#### Activity
The data should be written out in full, exactly as it stands, and the pictures dropped.

#### Information provided

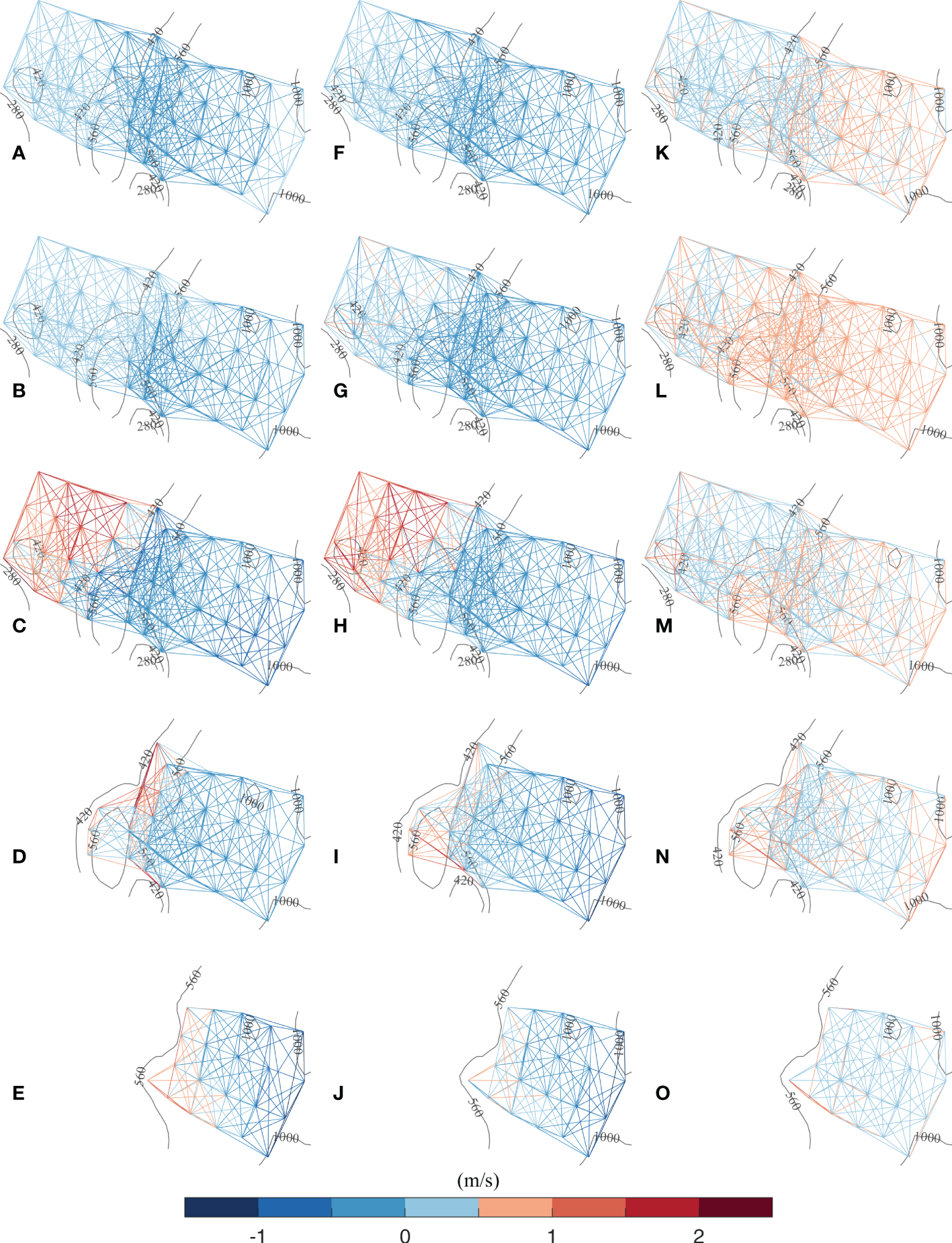 Results of the vertical-slice inversion. (A–E) Temporal plots of sound speed deviations calculated using the SUNTANS model along each transmission path. (F–J) Temporal plots of sound speed deviations derived from the vertical-slice inversion along each transmission path. (K–O) Temporal plots of RMSD calculated using the SUNTANS model and vertical-slice inversion. The first to fifth layers are from the top to bottom.
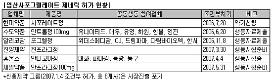 또 2006년 11월 조건부허가를 받은 알리코팜(포그렐정, 총 6개사) 그룹도 현재 생동자료 제출을 완료해 비슷한 시기에 12개 업체의 제네릭 후속허가가 나올 것으로 보인다.
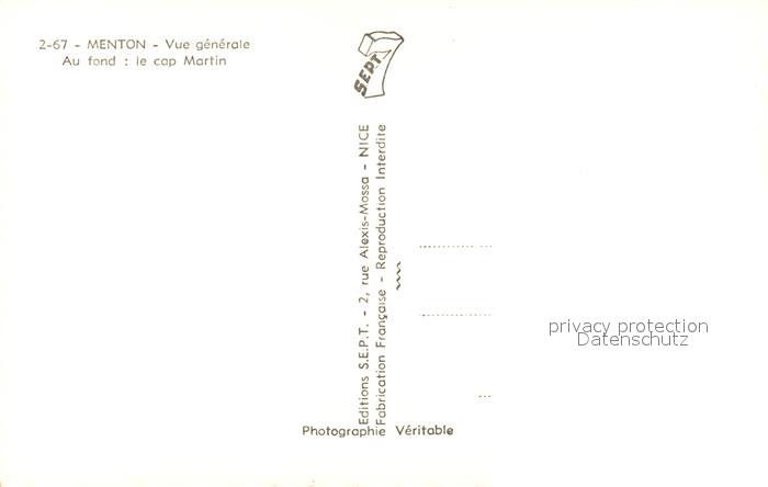 13570418 Menton Alpes Maritimes Vue Generale au fond Cap Martin Côte d Azur postalisch nicht gelaufen Erhaltung siehe scans [FriedD77] KatCode: 11170006206083

#### Exercise answer
 Results of the vertical-slice inversion. (A–E) Temporal plots of sound speed deviations calculated using the SUNTANS model along each transmission path. (F–J) Temporal plots of sound speed deviations derived from the vertical-slice inversion along each transmission path. (K–O) Temporal plots of RMSD calculated using the SUNTANS model and vertical-slice inversion. The first to fifth layers are from the top to bottom.
 또 2006년 11월 조건부허가를 받은 알리코팜(포그렐정, 총 6개사) 그룹도 현재 생동자료 제출을 완료해 비슷한 시기에 12개 업체의 제네릭 후속허가가 나올 것으로 보인다.
 13570418 Menton Alpes Maritimes Vue Generale au fond Cap Martin Côte d Azur postalisch nicht gelaufen Erhaltung siehe scans [FriedD77] KatCode: 11170006206083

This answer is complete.